Рыбаков вскочил с койки как ошпаренный, мгновенно прогнав остатки сна.
«Тревога» и этот неугомонный зверёк Пестова, кого он заметил?
Или, может, что-то случилось с бароном, ведь он вроде брал Мотю с собой.
Мужчина на ходу натянул сюртук, не застёгивая, и выскочил в коридор. И тут ударил звук — нечеловеческий, пронзительный, сливавшийся в сплошной истеричный стрёкот.
Да, это было похлеще любого сигнала тревоги, удивительно, что капитан его не услышал.
Рыбаков видел, как зверёк стрекотал вчера днём, сообщая о диверсанте. Но тогда он не звучал с такой безумной силой и отчаянием. Как будто маленький часовой бил в набат, предупреждая о конце света.
На мостике царил хаос, озарённый тусклым светом дежурных ламп.
Серебристый комок носился как угорелый по приборам, картам, переговорным трубам. Он бился о штурвал, царапал лапками бронированное стекло, подпрыгивал к кнопкам аварийной сигнализации, отчаянно тыча в них мордой, и всё это сопровождалось неумолкающим вибрирующим визгом, леденящим душу.
Огромные уши Моти были прижаты к голове, чёрные глазки-бусинки бешено метались, полные животного ужаса.

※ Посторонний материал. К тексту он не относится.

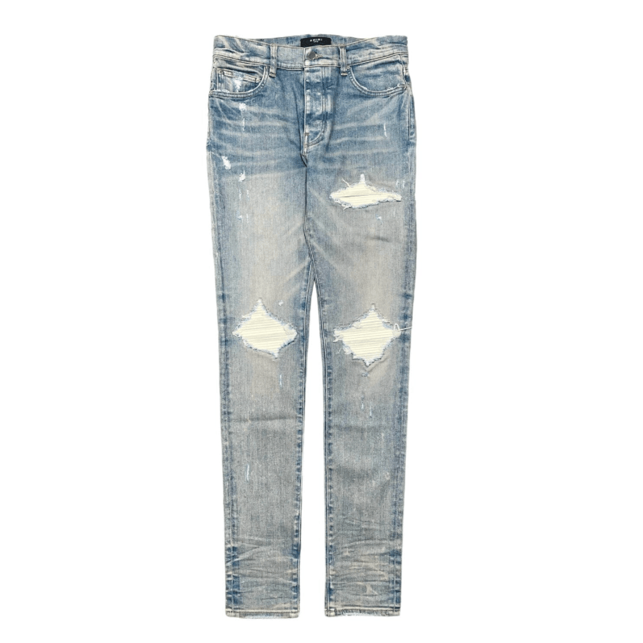 Amiri MX1 Suede Patch Jeans Clay Indigo White Pre-Owned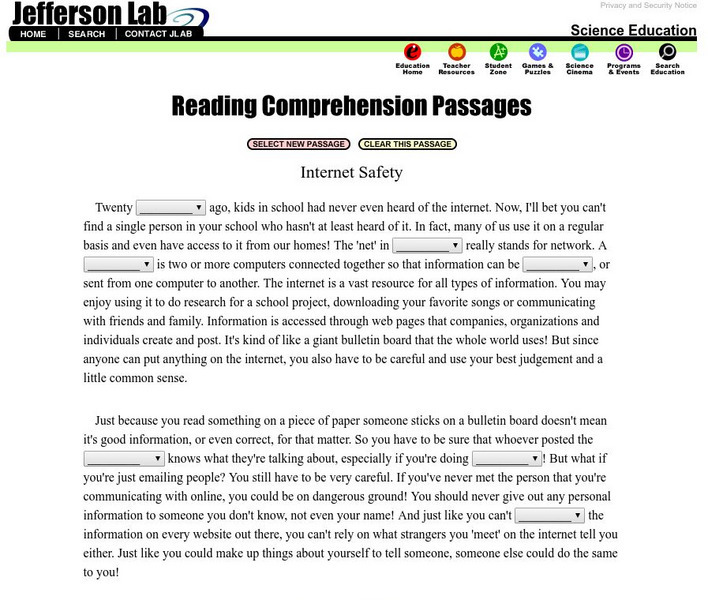 Jefferson Lab: Reading Passages: Internet Safety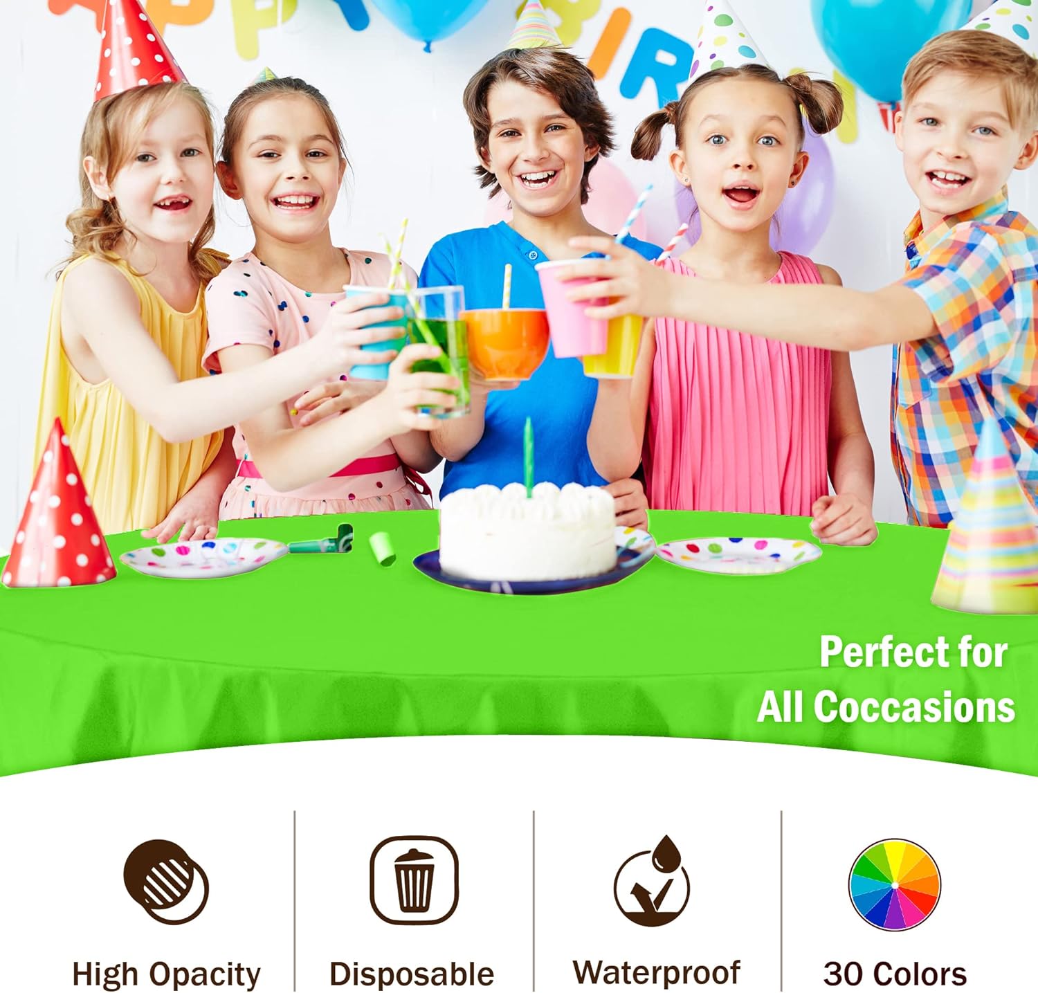 - INCLUDES: 12 heavy duty disposable Lime Green plastic table cloth that will cover your table for protection and is great for homes with children, kitchen tables, dinning tables, dinners, family outings. bbq's and more!!!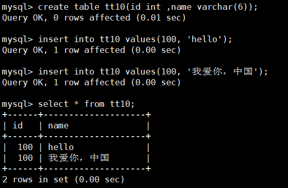 mysql> create table tt10(id int ,name varchar(6)); --表示这里可以存放6个字符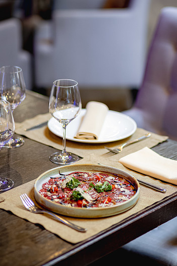 В меню представлены блюда на любой вкус: устрицы, ростбиф с хумусом и цветной капустой, сахалинский гребешок со спаржей, нежные телячьи щечки с трюфельной полентой, мраморная говядина с пюре из болгарского перца, клубничный суп, профитроли с заварным кремом в хрустальной полусфере.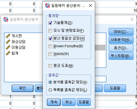 옵션에서는 기술통계 및 분산 동질성 검정에 체크를 했습니다.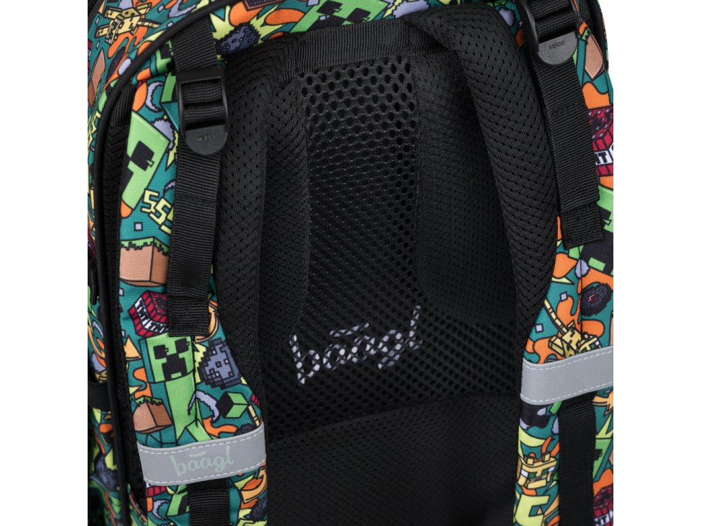 • Postranné vrecká, ideálne napríklad na tritánové fľaše BAAGL, sú vyrobené z pevného materiálu zladeného s dizajnom batohu.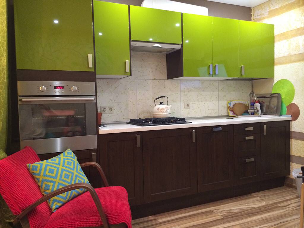 Неожиданно привлекательно выглядит комбинация фуксии с зеленым. Мягкий салатовый тон сделает помещение веселее, позитивнее. Не стоит смешивать цвета в равной пропорции.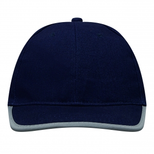 Artikel-Nr: INP56-07021646-Panel-Baseball-Cap DETECTION: mit reflektierendem Band an Schirm und hinten auf dem Klettverschluss, 6 gestickte Luftlöcher, Knopf, verstärkte Frontsegmente, 100 % Baumwolle (heavy-brushed)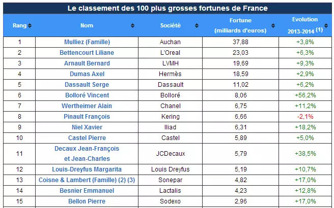 Comme chaque année, le magazine Capital publie le classement des 100 français les plus riches de France. Capital note en introduction que « Les 100 plus grosses fortunes de France ont accumulé un pactole de 257 milliards d’euros en 2014 ! »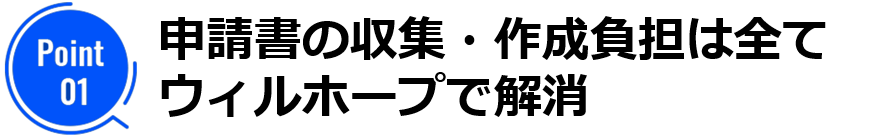 ウィルホープの書類の作成は必要項目にご入力後2営業日以内に書類を作成いたします。出来上がったものをお客様自身で提出するだけなのでスピーディです。また料金も低価格で利用できます。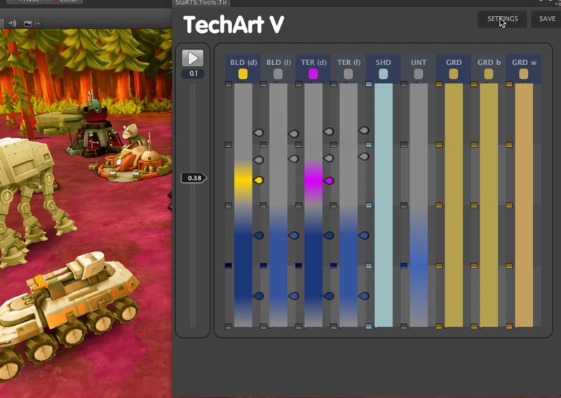 A companion to the tool for the pipeline, takes all the data and packages them into a assebundles for game consumptions.   The concept was designed by our shader guru as an hack-a-thon project and became a feature with a variety of uses.   This tool makes it a breeze for artists to refine as they build.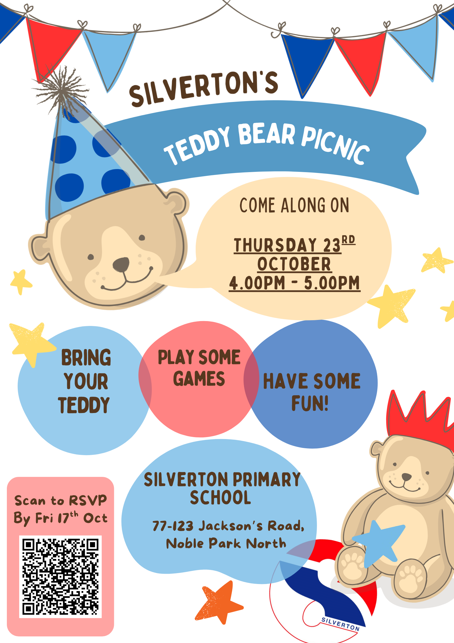 We’re excited to invite 3 and 4-year-old kinder children to join us for a fun Teddy Bears Picnic at Silverton Primary School! Date: Thursday, 23rd October Time: 4:00 – 5:00 pm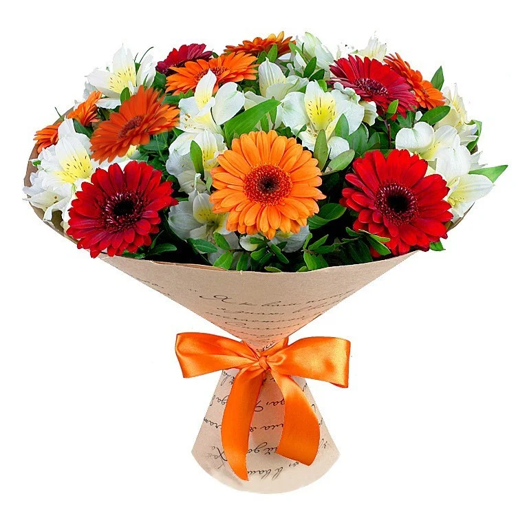 герберы, альстромерии, зелень, упаковка, лента |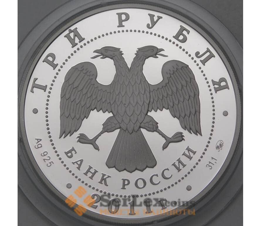 Монета Россия 3 рубля 2011 Proof Сохраним наш Мир - Леопард Переднеазиатский арт. 29935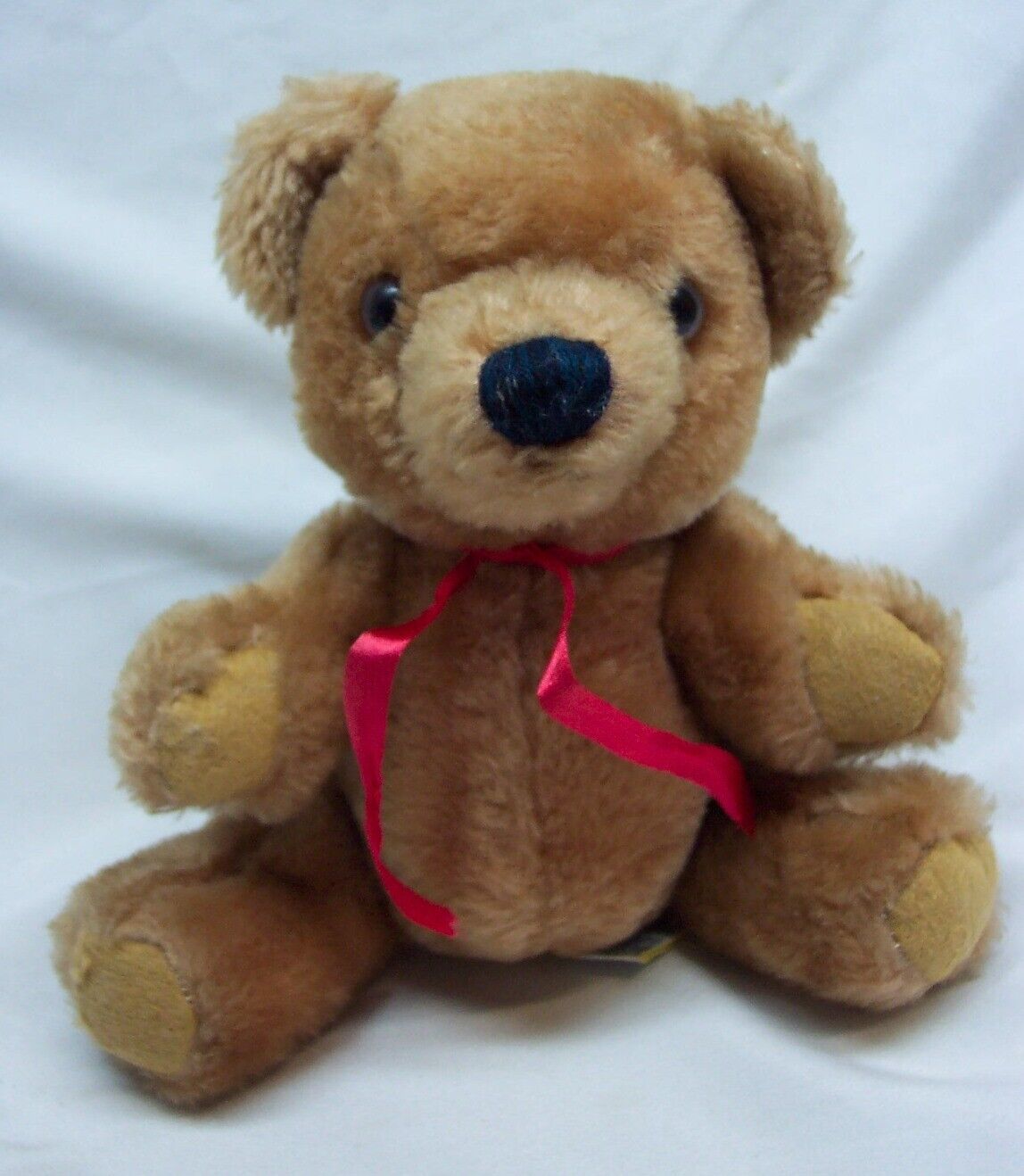 VINTAGE Dakin 1981 LITTLE BROWN TEDDY BEAR WITH RED BOW 6" Plush Stuffed Animal

Увидев капитана, зверёк взвизгнул ещё громче, запрыгнул ему на плечо и тут же спрыгнул, рванув к носовому стеклу. Там он встал на задние лапы и яростно забарабанил передними по броне, указывая в черноту за бортом, на тёмный склон, за которым тянулся Новоархангельский кряж.
— Что за чертовщина⁈ — рявкнул Рыбаков, пытаясь перекричать оглушительный визг зверька. — Успокоить его! Немедленно!
Но успокоить Мотю было невозможно. Он не реагировал ни на печенье, ни на пряники.
Питомец был вне себя, одержим одной мыслью — предупредить.
В дверь втиснулся Виталий Кучумов. За ним, сонно протирая очки, показался архитектор Сергей Петрович Бадаев.
— Капитан, что происходит? — спросил Кучумов, его взгляд прилип к мечущемуся тушканчику. — Он же был с бароном… Где Кирилл Павлович?
— Зверь с цепи сорвался! — отмахнулся Рыбаков, отчаянно пытаясь понять причину паники Моти. Его собственные мысли тоже метались: где барон? Что случилось в штабе? Но крик зверька был здесь и сейчас, осязаемо смертельным. — Что с ним?
Бадаев прищурился:
— Не знаю, капитан, что с ним сейчас. Но слышал рассказы от отца и старшего брата об этом тушканчике. Они говорили, что Мотя не просто любимец барона. Умный. Непостижимо умный. И чутьё у него феноменальное. Как у лучшей ищейки, помноженное на магическое предвидение. Думаю, он не просто предупреждает. Он вопит о смерти.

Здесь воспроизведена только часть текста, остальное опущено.